Description of the task
Once the line holding "Время с 1720-- по" is found in the entries below, transcribe exactly every line up to and including the one holding "景徳鎮 粉彩花文扁壺 花瓶", but leave out the pictures.

Supplied records

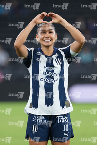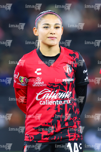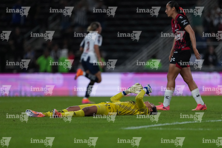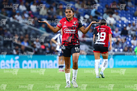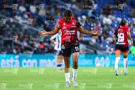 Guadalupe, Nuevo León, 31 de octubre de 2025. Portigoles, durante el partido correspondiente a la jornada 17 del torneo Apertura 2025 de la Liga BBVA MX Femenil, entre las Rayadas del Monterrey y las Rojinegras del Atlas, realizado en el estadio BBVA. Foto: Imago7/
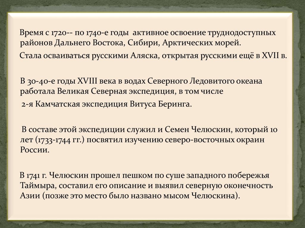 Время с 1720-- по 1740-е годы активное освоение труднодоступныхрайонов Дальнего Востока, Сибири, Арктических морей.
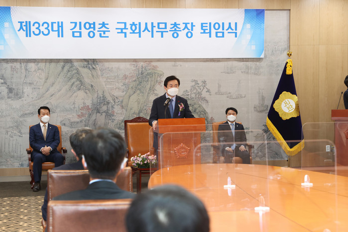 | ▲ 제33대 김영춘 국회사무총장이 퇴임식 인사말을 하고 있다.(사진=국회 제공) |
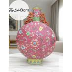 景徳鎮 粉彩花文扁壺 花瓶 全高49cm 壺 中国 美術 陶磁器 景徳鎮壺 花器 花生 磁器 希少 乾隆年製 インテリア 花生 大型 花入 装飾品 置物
==
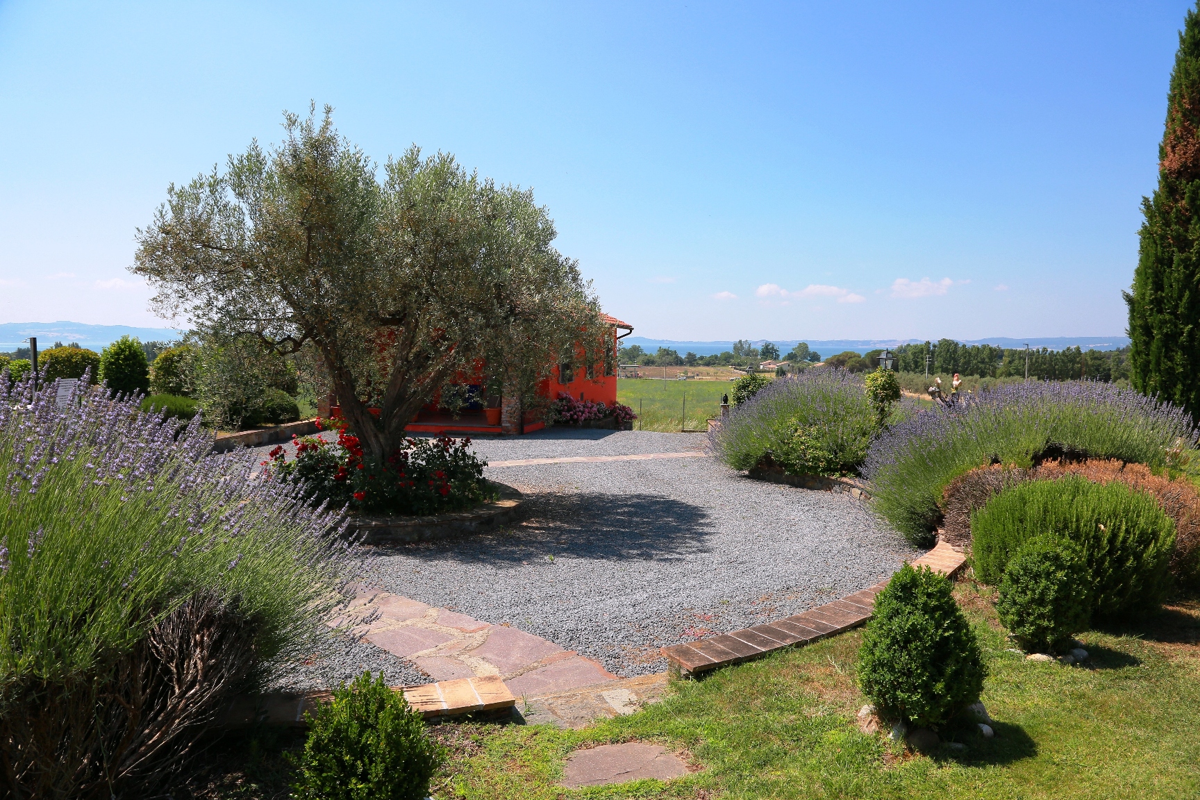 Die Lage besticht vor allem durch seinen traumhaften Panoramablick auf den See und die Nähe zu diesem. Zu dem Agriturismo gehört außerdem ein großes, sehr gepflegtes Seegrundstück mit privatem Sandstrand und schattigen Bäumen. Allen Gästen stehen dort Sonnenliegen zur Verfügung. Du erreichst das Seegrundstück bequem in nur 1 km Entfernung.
--
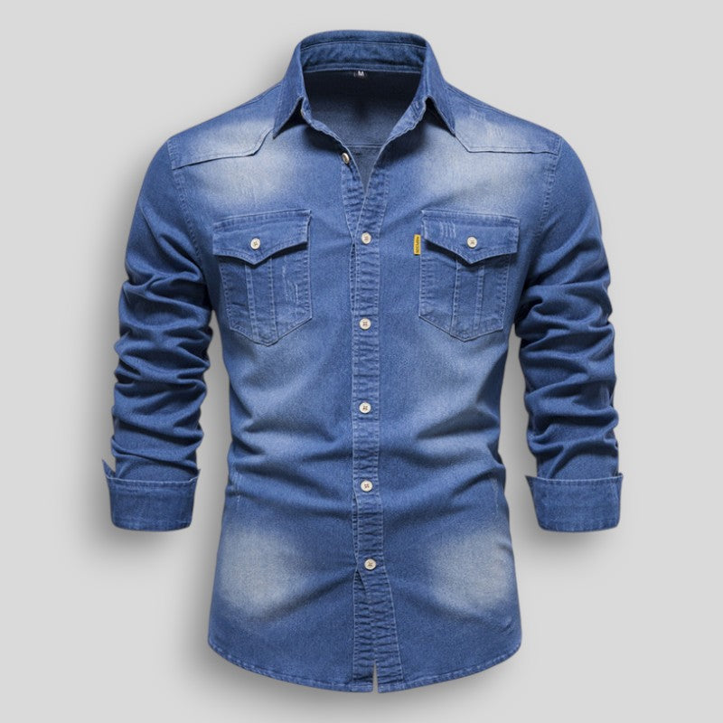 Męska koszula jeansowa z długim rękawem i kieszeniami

Completed exercise
 Время с 1720-- по 1740-е годы активное освоение труднодоступныхрайонов Дальнего Востока, Сибири, Арктических морей.
 | ▲ 제33대 김영춘 국회사무총장이 퇴임식 인사말을 하고 있다.(사진=국회 제공) |
 景徳鎮 粉彩花文扁壺 花瓶 全高49cm 壺 中国 美術 陶磁器 景徳鎮壺 花器 花生 磁器 希少 乾隆年製 インテリア 花生 大型 花入 装飾品 置物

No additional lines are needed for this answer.